用来实现这么一个显示效果：当文本光标超出了屏幕范围，所有文本都应该往上滚动一行，同时光标移动到最下方新的空行的起始位置。

// What is the purpose of this?
if (crt_pos >= CRT_SIZE) { // 如果光标超出了屏幕范围
    // crt_pos 当前光标所在位置
    // CRT_SIZE 是CRT显示器的大小，单位可能是字符数，值为25*80
    int i;
	// crt_buf 存储着当前屏幕上显示的字符的数组
    memmove(crt_buf, crt_buf + CRT_COLS, (CRT_SIZE - CRT_COLS) * sizeof(uint16_t));
    // memmove的功能类似于C语言中常用的memcpy
    // 屏幕上第二行往后的字符全部前移一行（即第一行从屏幕上消失了）
    for (i = CRT_SIZE - CRT_COLS; i < CRT_SIZE; i++)
        crt_buf[i] = 0x0700 | ' ';
    // 将重复的最后一行删掉，变成新的空行
    crt_pos -= CRT_COLS;
    // 光标从原来的旧一行末尾移动到了现在的新一行开头
}

For the following questions you might wish to consult the notes for Lecture 2. These notes cover GCC's calling convention on the x86.

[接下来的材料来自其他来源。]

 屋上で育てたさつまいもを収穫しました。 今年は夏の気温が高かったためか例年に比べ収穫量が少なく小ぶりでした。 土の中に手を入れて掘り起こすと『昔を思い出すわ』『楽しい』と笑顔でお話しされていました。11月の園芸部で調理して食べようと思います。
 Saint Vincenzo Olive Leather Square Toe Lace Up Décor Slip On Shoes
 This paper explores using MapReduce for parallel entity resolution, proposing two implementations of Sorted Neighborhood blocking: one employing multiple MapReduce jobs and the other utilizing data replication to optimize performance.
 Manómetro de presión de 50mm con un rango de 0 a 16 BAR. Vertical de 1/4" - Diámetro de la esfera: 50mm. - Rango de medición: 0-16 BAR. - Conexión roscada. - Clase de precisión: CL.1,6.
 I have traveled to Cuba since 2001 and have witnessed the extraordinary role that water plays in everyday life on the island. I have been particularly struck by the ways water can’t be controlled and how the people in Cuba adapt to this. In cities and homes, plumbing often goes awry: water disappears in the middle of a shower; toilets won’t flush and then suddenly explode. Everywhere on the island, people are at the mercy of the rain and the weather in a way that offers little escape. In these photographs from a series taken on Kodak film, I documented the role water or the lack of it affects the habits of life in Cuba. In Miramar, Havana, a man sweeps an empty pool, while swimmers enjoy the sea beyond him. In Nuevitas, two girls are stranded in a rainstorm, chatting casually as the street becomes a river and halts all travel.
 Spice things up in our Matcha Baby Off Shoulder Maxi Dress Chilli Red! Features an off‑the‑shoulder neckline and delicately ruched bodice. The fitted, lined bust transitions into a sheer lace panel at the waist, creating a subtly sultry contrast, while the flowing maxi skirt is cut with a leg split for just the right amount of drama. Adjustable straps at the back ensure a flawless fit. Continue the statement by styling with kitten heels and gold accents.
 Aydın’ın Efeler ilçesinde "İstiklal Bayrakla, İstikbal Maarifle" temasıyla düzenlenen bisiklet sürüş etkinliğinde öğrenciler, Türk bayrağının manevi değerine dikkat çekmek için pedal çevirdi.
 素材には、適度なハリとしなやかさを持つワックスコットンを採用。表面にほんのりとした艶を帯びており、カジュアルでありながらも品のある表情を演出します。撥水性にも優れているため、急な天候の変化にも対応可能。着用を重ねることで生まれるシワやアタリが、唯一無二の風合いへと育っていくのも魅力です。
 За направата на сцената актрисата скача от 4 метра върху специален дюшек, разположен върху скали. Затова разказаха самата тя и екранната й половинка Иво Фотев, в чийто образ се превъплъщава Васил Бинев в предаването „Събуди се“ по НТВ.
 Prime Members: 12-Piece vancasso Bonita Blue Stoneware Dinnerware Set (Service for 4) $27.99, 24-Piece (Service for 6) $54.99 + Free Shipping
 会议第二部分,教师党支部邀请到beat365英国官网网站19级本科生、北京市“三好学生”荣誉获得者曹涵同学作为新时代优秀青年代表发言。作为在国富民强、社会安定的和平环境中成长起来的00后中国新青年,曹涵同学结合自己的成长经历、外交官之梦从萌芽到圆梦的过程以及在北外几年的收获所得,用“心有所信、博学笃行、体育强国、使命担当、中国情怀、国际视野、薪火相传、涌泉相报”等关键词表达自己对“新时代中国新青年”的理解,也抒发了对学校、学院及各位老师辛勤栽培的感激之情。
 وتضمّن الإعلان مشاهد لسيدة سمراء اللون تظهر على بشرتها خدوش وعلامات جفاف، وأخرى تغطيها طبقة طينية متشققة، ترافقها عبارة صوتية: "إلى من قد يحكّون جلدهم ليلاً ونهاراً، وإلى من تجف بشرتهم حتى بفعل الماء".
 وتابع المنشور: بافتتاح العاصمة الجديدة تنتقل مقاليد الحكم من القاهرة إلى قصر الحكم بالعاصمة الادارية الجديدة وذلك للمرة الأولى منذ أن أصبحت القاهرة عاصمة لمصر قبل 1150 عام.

Trace the execution of the following code step-by-step:

int x = 1, y = 3, z = 4;
cprintf("x %d, y %x, z %d\n", x, y, z);

要用 GDB 在 JOS 中跟踪这段代码的执行，将代码复制到kern/monitor.c中的monitor()函数内即可，如：

void
monitor(struct Trapframe *tf)
{
    ...
	cprintf("Welcome to the JOS kernel monitor!\n");
	cprintf("Type 'help' for a list of commands.\n");

   	// 插入要执行的代码
	int x = 1, y = 3, z = 4; 
	cprintf("x %d, y %x, z %d\n", x, y, z);
    ...
}

然后make，在/obj/kern/kernel.asm可以查到这一段的内存地址为0xf01008ea，GDB 打断点然后调试即可。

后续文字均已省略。